Data/san_juan_dengue_data.csv
See https://predict.phiresearchlab.org/post/5a4fcc3e2c1b1669c22aa261 for more information. Here, we are directly copy/pasting from that website. The dataset contains weekly dengue data for the San Juan-Carolina-Caguas Metropolitan Statistical Area. The dataset includes the following variables:
- season: the transmission season;
- season_week: week of the season (not the calendar year - the season starts following the week with historically lowest dengue cases over the years 1990-2009);
- week_start_date: date of the first day of the week;
- denv1_cases: number of laboratory confirmed cases with DENV1;
- denv2_cases: number of laboratory confirmed cases with DENV2;
- denv3_cases: number of laboratory confirmed cases with DENV3;
- denv4_cases: number of laboratory confirmed cases with DENV4;
- other_positive_cases: laboratory-positive cases without serotype identified (these include acute IgM positive and IgM conversions);
- additional_cases: at times not all specimens submitted were tested due to overload of the capacity for testing or incomplete case information. For those weeks, the number of additional laboratory-positive cases among those not tested was estimated by multiplying the number of untested cases by the rate of laboratory-positive cases amongst those that were tested;
- total_cases: the sum of all cases (denv1-4_cases + other_positive_cases + additional_cases), the target time series for forecasting.

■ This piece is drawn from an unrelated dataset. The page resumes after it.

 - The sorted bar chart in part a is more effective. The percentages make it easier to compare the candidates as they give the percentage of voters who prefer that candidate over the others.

Over time, the sensitivity of testing increased, particularly in 2005 when PCR was implemented for routine diagnostics, in 2007 when improved IgM testing was implemented, and in 2009 when a more sensitive PCR assay was adopted. Details are presented in Sharp et al. 2010.

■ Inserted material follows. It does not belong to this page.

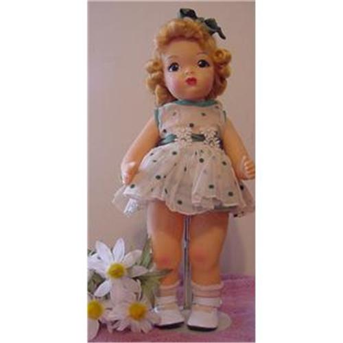 16" hard plastic Terri Lee from the 1950s with original raysheen wig, still in original set, wearing tagged Irish Coin Dot Dress, has the slip with green ribbon trim. The sash is a replaced green ribbon. The doll is marked Terri Lee on the back, no cracks, stains or unwanted smells.<P><P>Got questions, email before you bid.

Sharp TM, Hunsperger E, Santiago GA, Muñoz-Jordan JL, Santiago LM, Rivera A, et al. (2013) Virus-Specific Differences in Rates of Disease during the 2010 Dengue Epidemic in Puerto Rico. PLoS Negl Trop Dis 7(4): e2159. doi:10.1371/journal.pntd.0002159
Nov. 23rd 2018 (last update for many of the data sets was well before this date).

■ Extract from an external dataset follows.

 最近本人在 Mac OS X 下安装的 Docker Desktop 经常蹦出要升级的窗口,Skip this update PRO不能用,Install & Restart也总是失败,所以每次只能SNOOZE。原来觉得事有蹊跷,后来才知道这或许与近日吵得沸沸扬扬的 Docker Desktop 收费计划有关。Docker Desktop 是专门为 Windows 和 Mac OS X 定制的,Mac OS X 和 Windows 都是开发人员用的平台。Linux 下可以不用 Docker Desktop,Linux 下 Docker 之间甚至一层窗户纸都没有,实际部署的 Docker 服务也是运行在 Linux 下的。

Puerto Rico Department of Health and Centers for Disease Control and Prevention
Michael Johansson, [email protected]
Public
Creative Commons Attribution 4.0 (http://creativecommons.org/licenses/by/4.0/legalcode)
We provide a license for our code (see LICENSE) and do not claim ownership, nor the right to license, the data we have obtained. Please cite the appropriate agency, paper, and/or individual in publications and/or derivatives using these data, contact them regarding the legal use of these data, and remember to pass-forward any existing license/warranty/copyright information. As a reminder, THE DATA AND SOFTWARE ARE PROVIDED "AS IS", WITHOUT WARRANTY OF ANY KIND, EXPRESS OR IMPLIED, INCLUDING BUT NOT LIMITED TO THE WARRANTIES OF MERCHANTABILITY, FITNESS FOR A PARTICULAR PURPOSE AND NON-INFRINGEMENT. IN NO EVENT SHALL THE AUTHORS OR COPYRIGHT HOLDERS BE LIABLE FOR ANY CLAIM, DAMAGES OR OTHER LIABILITY, WHETHER IN AN ACTION OF CONTRACT, TORT OR OTHERWISE, ARISING FROM, OUT OF OR IN CONNECTION WITH THE DATA AND/OR SOFTWARE OR THE USE OR OTHER DEALINGS IN THE DATA AND/OR SOFTWARE.